To inspire artisanal innovation by looking at older forms and methods to create new ones undergirds the premise of the Bhau Daji Lad Museum. With Graft a visual genealogy of the material source (wood) and method (marquetry) is left intact, and is, in fact, the crux of the piece; in other works Tallur motivates material and method towards an interrogation of the content it upholds. The idea behind Hatha Yoga originated in a ricochet between a wooden sculpture of an angel holding a nail to crucify Christ in the Metropolitan Museum of Art in New York City and a small clay figurine of a yogi lying on a bed of nails in the Bhau Daji Lad Museum in Mumbai. This installation includes four parts: an Indianized replica of the Met’s wooden angel with the nail; the early twentieth-century figurine of the yogi on a bed of nails made for the BDLM; a second winged figure, Garuda, pinned to the ground; and a machine that manufactures nails. This type of machine can produce 5000 nails a minute, but Tallur chose an early model that pulls the iron rod into the machine and cuts one side on a sharp slant and hits the other to produce the head of the nail. Slowly and with clear procedure the product is ejected.
What is the relationship between the object of pain (the nail), the representation of god (in man or man-like form), and deliverance? To Europeans, the yogi on the bed of nails has long been a stereotype of India’s trickery, and this clay sculpture is one of many figures in the museum that identify, if not stereotype, the people, manners, and customs of an India the British aimed to rule through colonial control. Here, the European angel carries the nail that will crucify, and the Indian winged god Garuda has been nailed down. The machine makes the nail with unceasing hits and slices powered by the human foot. We produce and encourage the myths by which we are suppressed.

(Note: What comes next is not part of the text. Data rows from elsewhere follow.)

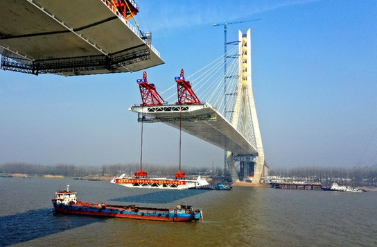 安徽池州长江公路大桥主桥长5.8千米,为双塔双索面斜拉桥,主跨828米,是连接安徽长江两岸的又一条快速通道,预计3月底实现主桥合龙,6月底具备通车条件。(来源: 经济参考报)
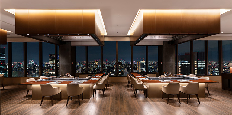 開業時から「日本の美」と「日本の心」を大切にしているThe Okura Tokyo。鉄板焼 さざんかではすべての食材で最上級を追求し、厳選された和牛に魚介類、そして季節の野菜を使用。
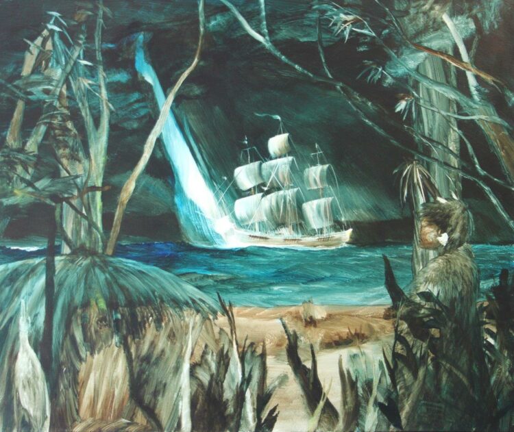 Born 1954 in Tolaga Bay, John Walsh is of Aitanga a Hauiti and New Zealand Irish descent. Although largely self-taught, he studied art at Ilam, Canterbury University in 1973-74. After many years primarily exhibiting around his home region of Gisborne and Eastland, John Walsh had his first major solo exhibition when he was nearly 40 years old, and quickly established a reputation for a mythical realism, founded in the landscape but often featuring mythological figures questing within, moving through or above the land. Walsh rose quickly to prominence, with works on an increasingly large scale. Often his works are in response to contemporary incidents, with a subtle thread of underlying humour, or more serious issues to do with human connection with the land, also influenced by Maori mythology, incorporating ancestral and legendary figures.
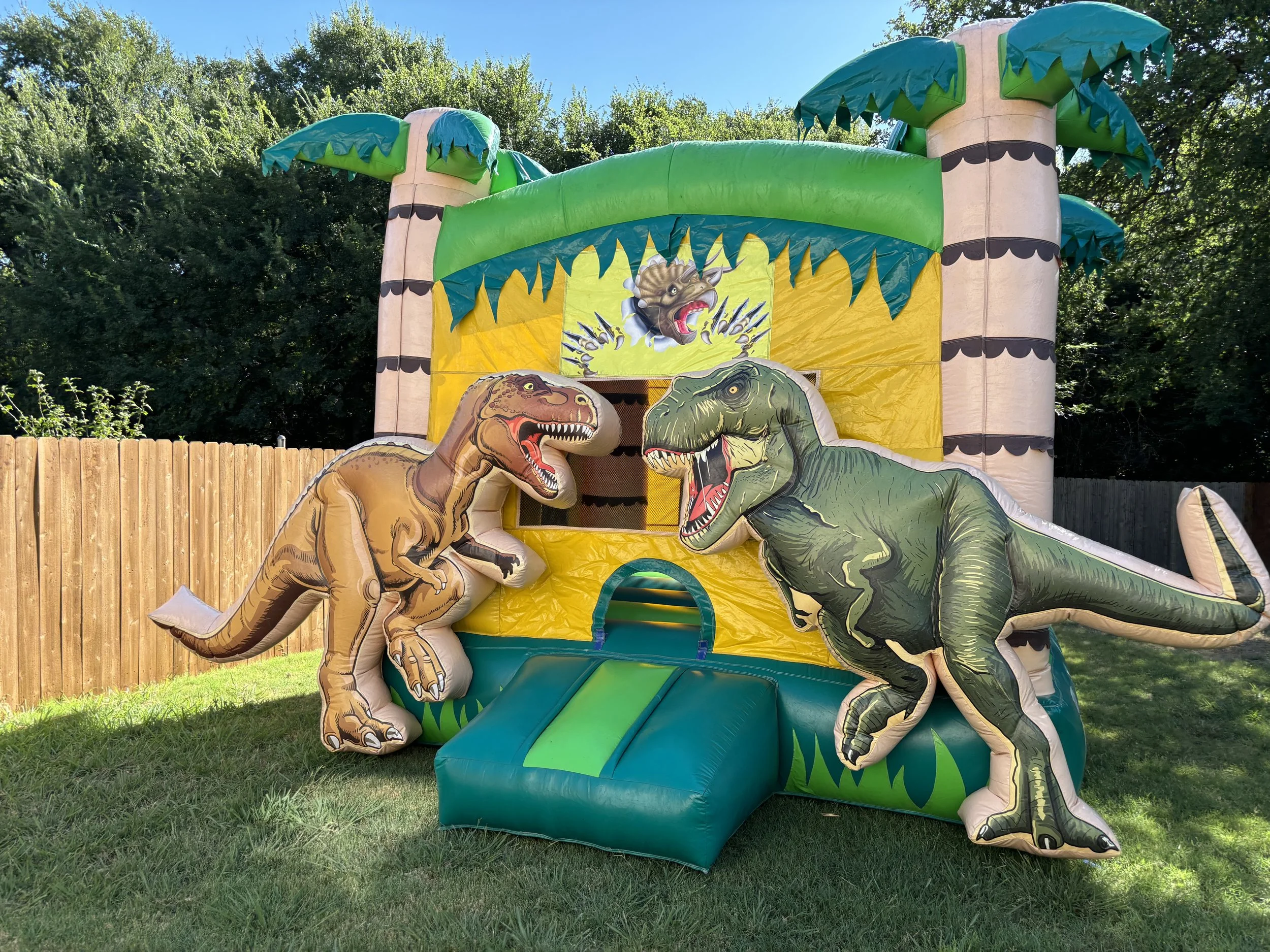 This inflatable features two large dinosaurs at the entrance, a built-in basketball hoop, and a compact size of 13x13 feet, making it perfect for most outdoor spaces.
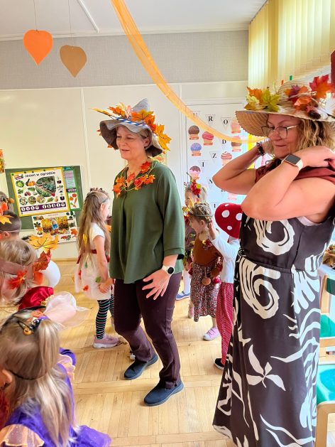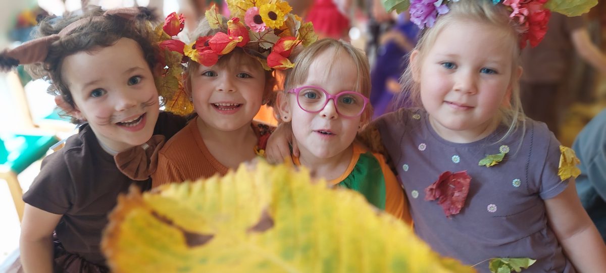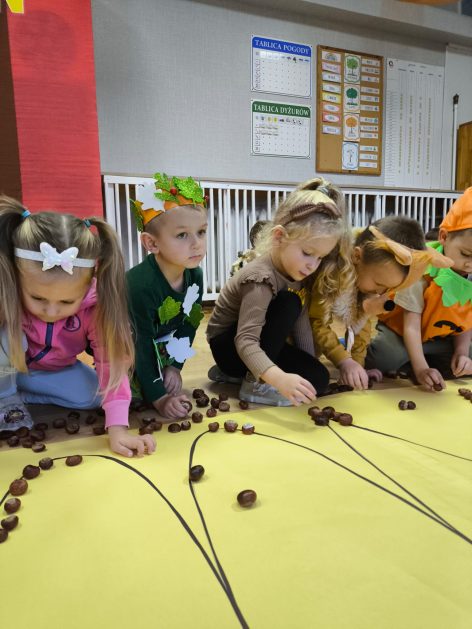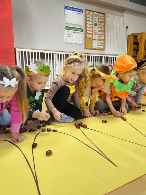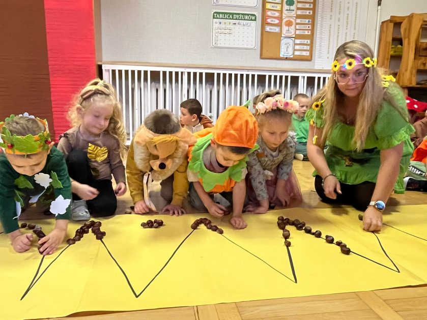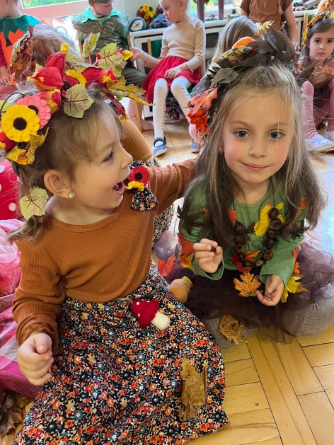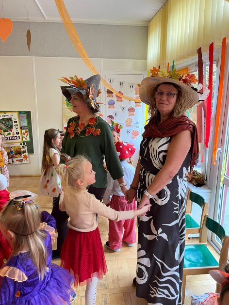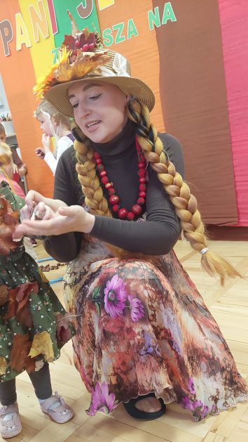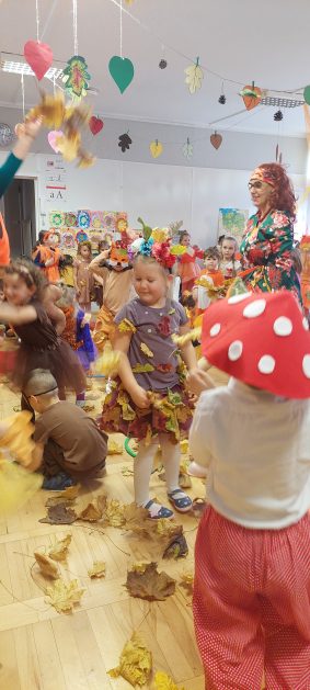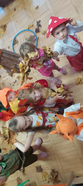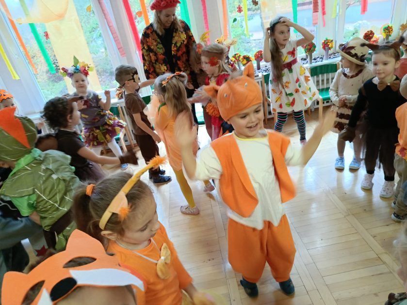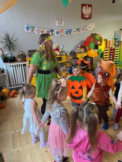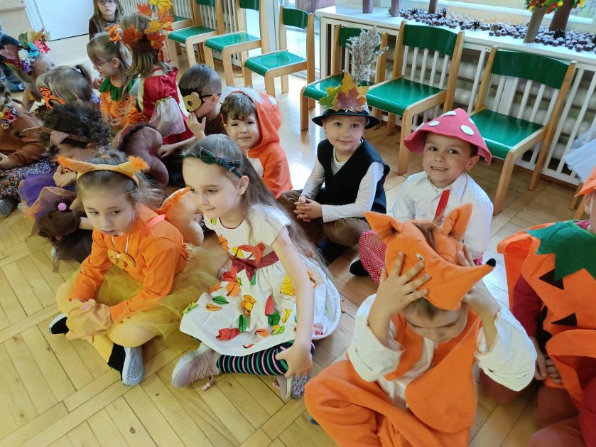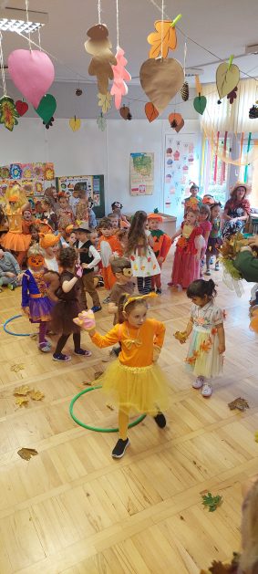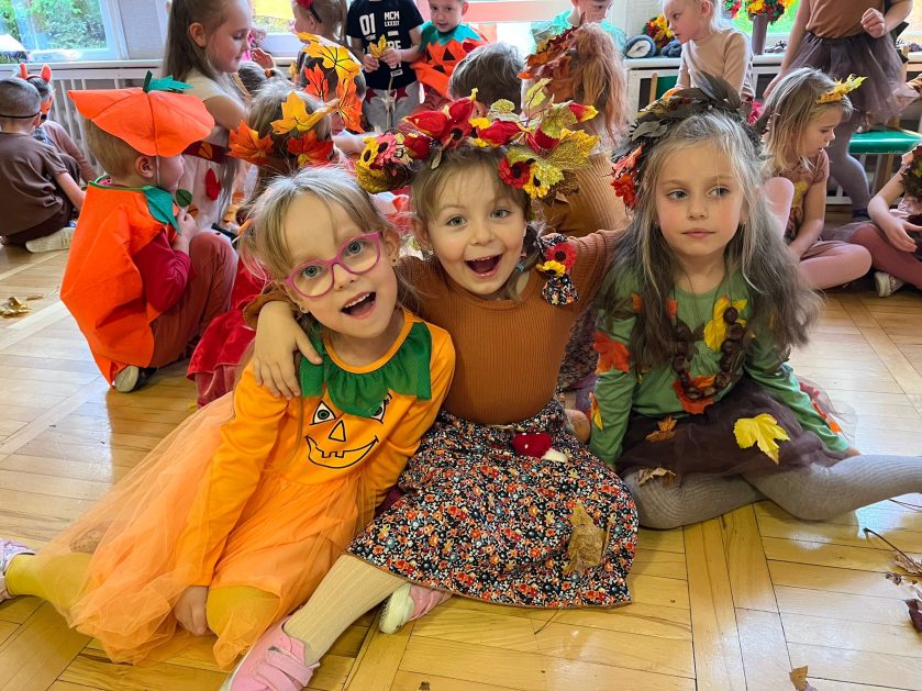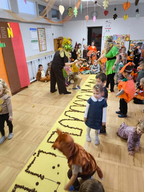 Liście opadają z drzew i jest chłodno, szaro, buro, brryy! A u nas cieplutko i kolorowo, Pani Jesień ma inne oblicze, jest kolorowa, do tańca i zabawy gotowa! Mimo, że to nie karnawał, u nas w przedszkolu bawiliśmy się na balu u Pani Jesieni. Starszaki przygotowały krótkie przedstawienie jesienne i na koniec zaprosiły wszystkie przepięknie, kolorowo i tematycznie przebrane jeżyki, wiewióreczki, ptaszki, myszki, liski, dynie, muchomorki, kasztanki do wesołej zabawy.
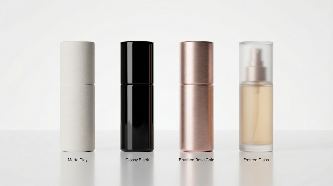 Second from Right:Brushed Rose Gold, featuring a delicate brushed metal texture.
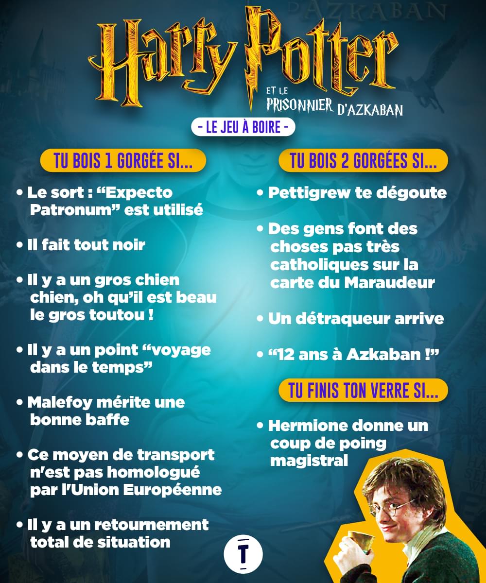 Chez Topito on aime deux choses : Harry Potter et jouer à des jeux. Par conséquent, voici une liste de jeux à boire selon les films Harry Potter. Donc tu te poses dans ton canapé, tu ouvres une bouteille de ce que tu veux (de préférence sans alcool bien sûr), et tu bois quand on te dit de boire.
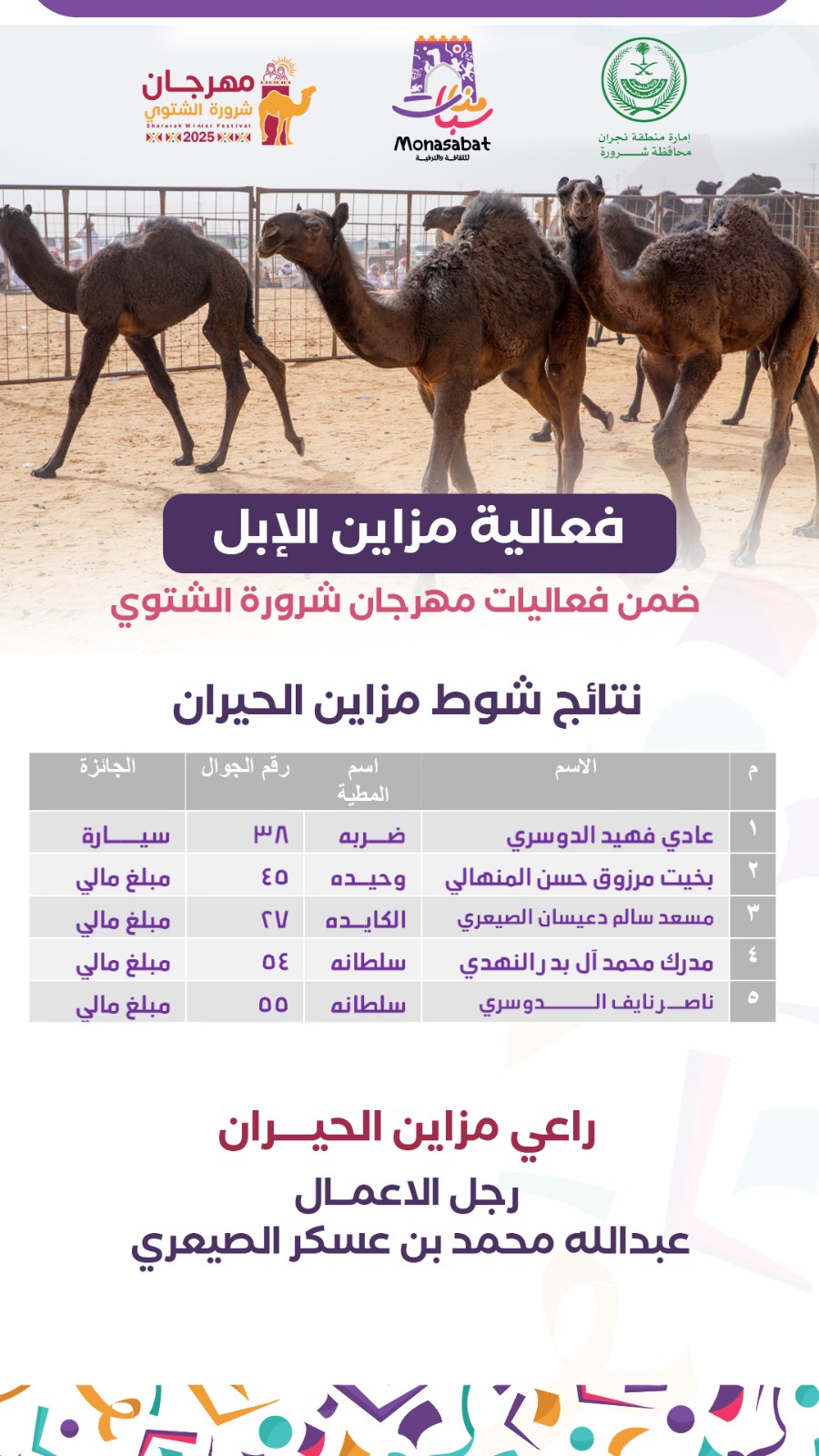 أعلن مهرجان شرورة الشتوي نتائج شوط مزاين الحيران والراعي مزاين الحيران رجل الأعمال عبدالله بن محمد بن عسكر الصيعري
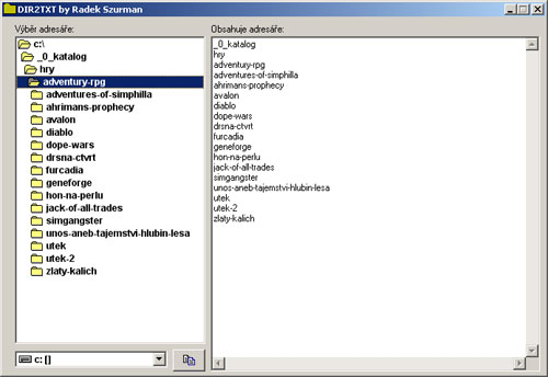Program, který zobrazuje v pravé části seznam podadresářů vybrané složky jako obyčejný text. To se hodí pro použití v textových ediotorech, například potřebujete-li získat seznam složek z adresáře MP3 a nechcete je opisovat ručně - jednoduše text jen vyberete a skopírujete do schránky příkazem CTRL+C.
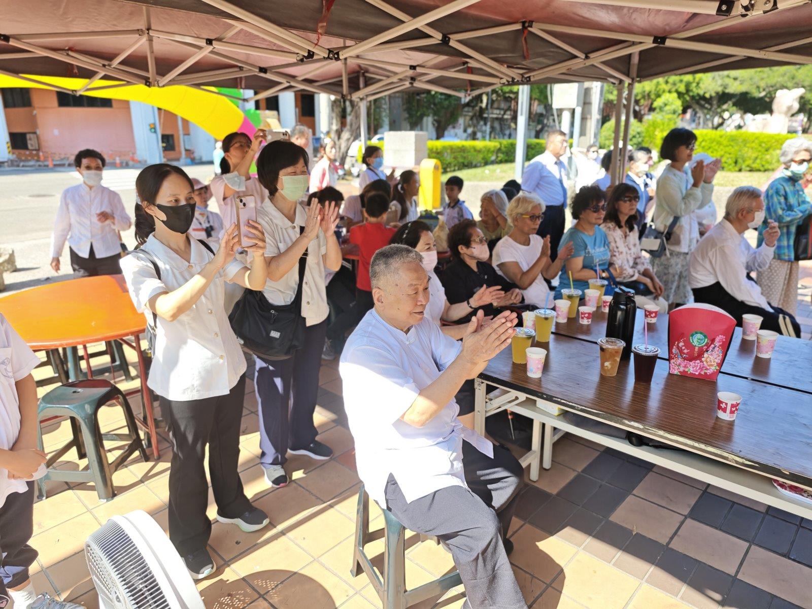 活動以鼓聲揭開序幕,由天律太鼓團帶來震撼人心的表演。首先登場的是太鼓團「淼」演出曲目〈戰〉,鏗鏘有力的鼓聲象徵生命的堅韌與奮鬥,展現長者不畏風霜、持續奮進的精神;隨後由太鼓團「森」帶來曲目〈春漫〉,節奏柔中帶剛,鼓聲如春風般溫潤,寓意著重陽佳節中的溫情與祝福。兩段演出節奏分明、層次豐富,震撼全場,掌聲經久不息。
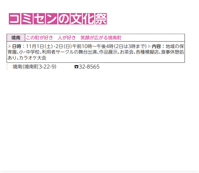 健康づくり支援センター健康づくり情報の展示(境南コミセン文化祭)【11/1(土)・2(日)】
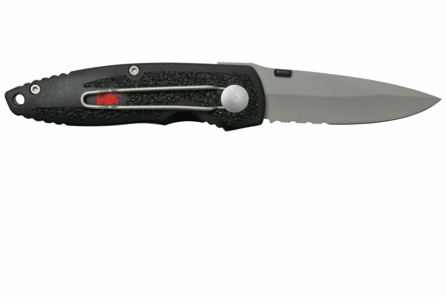 La Böker Heckler & Koch Alpha 110046 es una navaja táctica de bolsillo con un diseño robusto y práctico. Este cuchillo es una colaboración entre Böker y Heckler & Koch. El mango está hecho del mismo material y diseño que Heckler & Koch también utiliza para los mangos de sus otros productos. El cuchillo se abre con un perno de pulgar desmontable. El diseño de este perno de pulgar es similar al botón de liberación del cargador de una H&K USP. Estas opciones de diseño no sólo son geniales, sino también muy prácticas. Por lo tanto, este cuchillo es fantástico como cuchillo EDC para cualquier persona que aprecie la calidad.
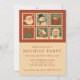 Invite a sus invitados con estilo con esta invitación a la fiesta de sellos de Navidades retro. Con estampillas de inspiración vintage de Santa, hombres de nieve, tazas de cacao e íconos festivos, este diseño nostálgico marca el tono perfecto para fiestas de vacaciones, intercambios de galletas o reuniones familiares. Personalice con los detalles de su fiesta la invitación de un Navidad único.
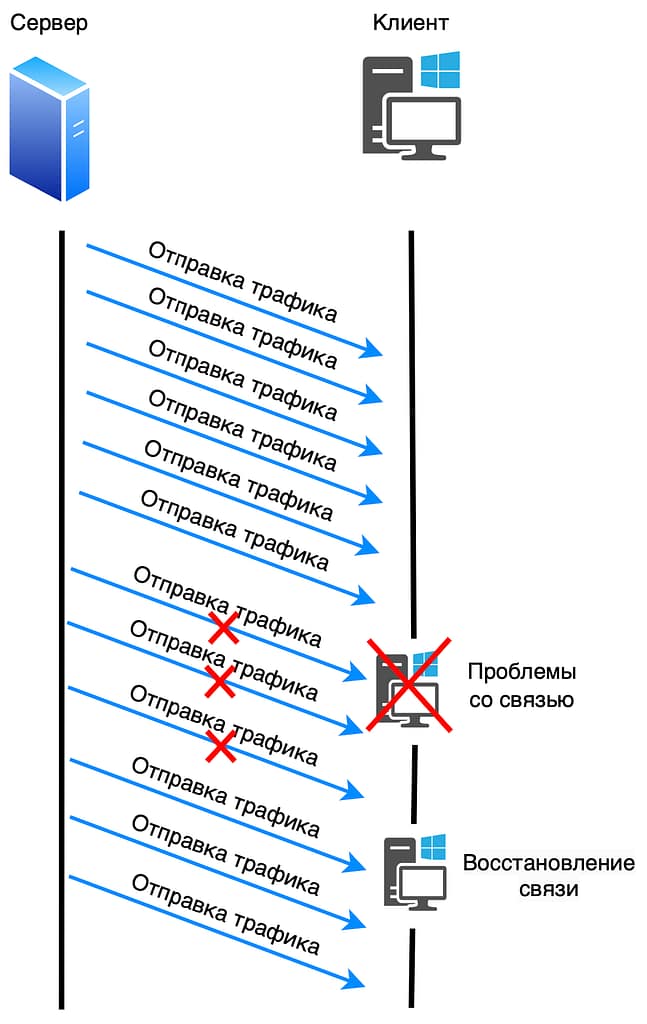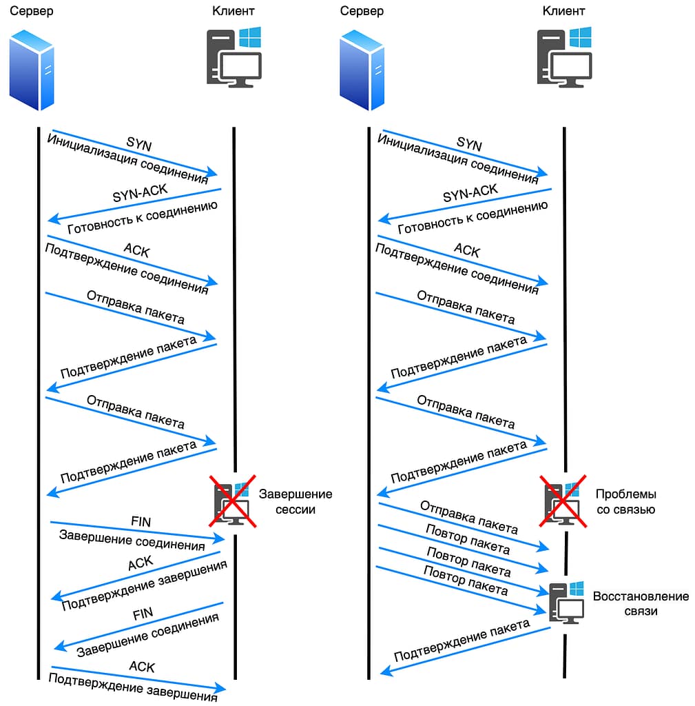 После установки соединения начинается передача полезных данных. TCP обеспечивает надежную передачу данных с помощью механизма подтверждений. Получатель данных подтверждает получение каждого сегмента, отправляя отправителю сообщение с порядковым номером следующего сегмента, который он ожидает получить. Если подтверждение не приходит в установленное время, сегмент передается заново. После нескольких неудачных попыток TCP может решить, что соединение потеряно, и завершить сессию.
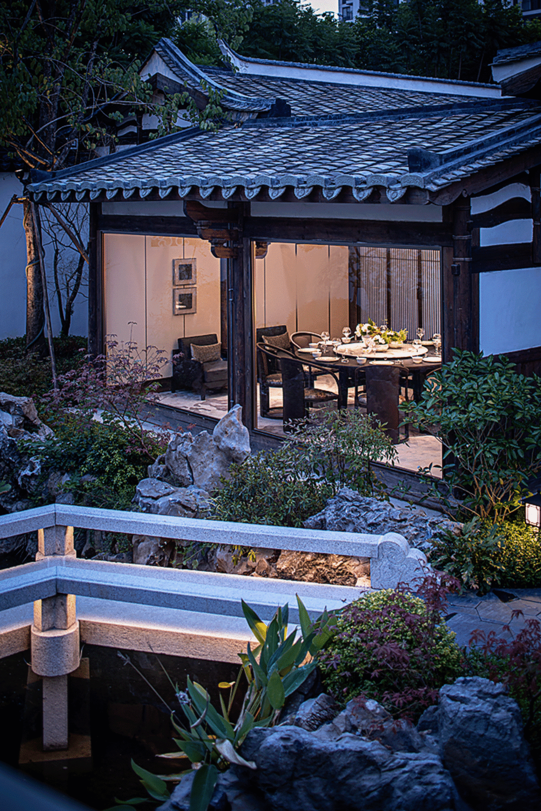 夜幕將場地形態進行二次塑造,利用光影效果的變換,勾勒出庭院的幽靜與深邃,映襯出黛瓦之下的燭光點點,是魚戲蓮葉的悠然自得。

Yet, the yogi on the bed of nails is coy; he floats above the nails that distribute his weight. The man who made him in the early twentieth century likely also made other clay sculptures outside of a colonial context, which filtered into his process. In a related project, Veni, Vidi, Vici (I came, I saw, I conquered), Tallur worked with a sculptor to make figurines of yogis alongside clay tiles that had originally been produced in a colonial tile factory. The sculptor, named Rajesh, was trained in a tradition that specializes in clay and plaster figures of the elephant-headed god Ganesh who is worshipped during an annual festival in the region. Tallur noted that while he looked at the historical figurine to approximate the musculature and technique that had derived from life models, Rajesh assessed the same figure and through his traditional method of coiling and pressing the clay was able to systematize a production that resembled the historical one rapidly, making four or five figures in an hour, but by different means.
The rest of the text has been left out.